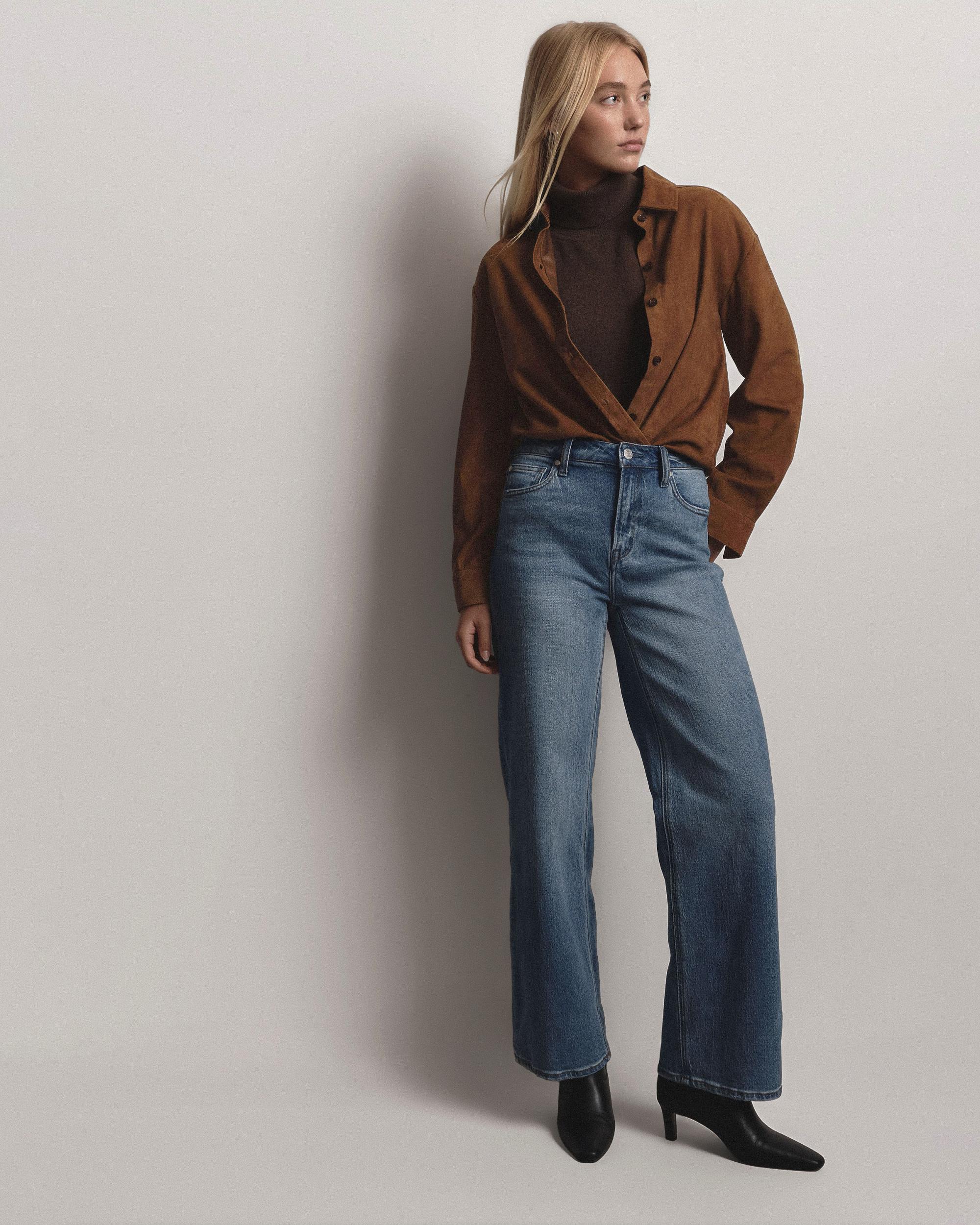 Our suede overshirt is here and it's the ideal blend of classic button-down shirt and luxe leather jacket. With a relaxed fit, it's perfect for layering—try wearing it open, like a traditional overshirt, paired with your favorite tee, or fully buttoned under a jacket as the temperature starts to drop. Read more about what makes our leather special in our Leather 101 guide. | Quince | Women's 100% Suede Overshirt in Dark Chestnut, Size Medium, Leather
______________________________
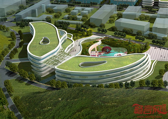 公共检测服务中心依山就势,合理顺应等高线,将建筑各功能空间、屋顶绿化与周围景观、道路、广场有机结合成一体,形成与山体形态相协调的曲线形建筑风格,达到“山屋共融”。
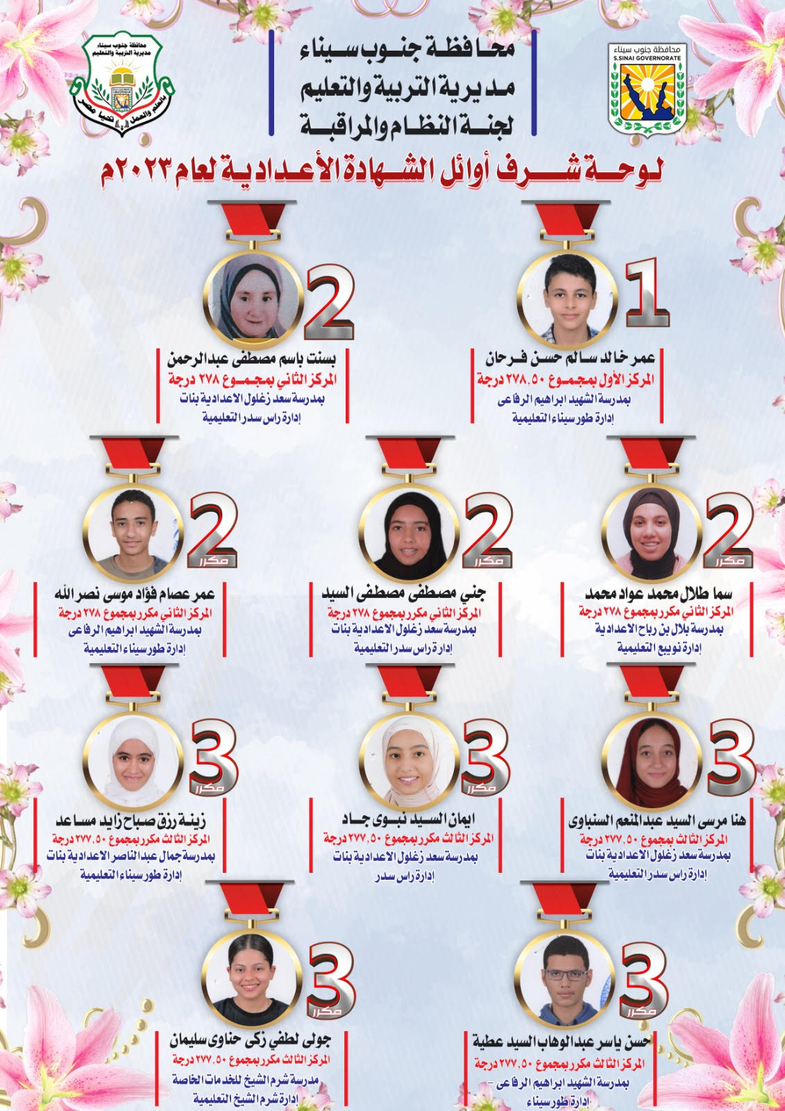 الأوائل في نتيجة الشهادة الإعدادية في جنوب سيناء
______________________________
### WHAT YOU SHOULD DO
Transcribe the lines above exactly, beginning at the one with "公共检测服务中心依山就势,合" and ending at the one with "الأوائل في نتيجة". Include both; exclude the pictures.

### RESULT OF THE TASK
 公共检测服务中心依山就势,合理顺应等高线,将建筑各功能空间、屋顶绿化与周围景观、道路、广场有机结合成一体,形成与山体形态相协调的曲线形建筑风格,达到“山屋共融”。
 الأوائل في نتيجة الشهادة الإعدادية في جنوب سيناء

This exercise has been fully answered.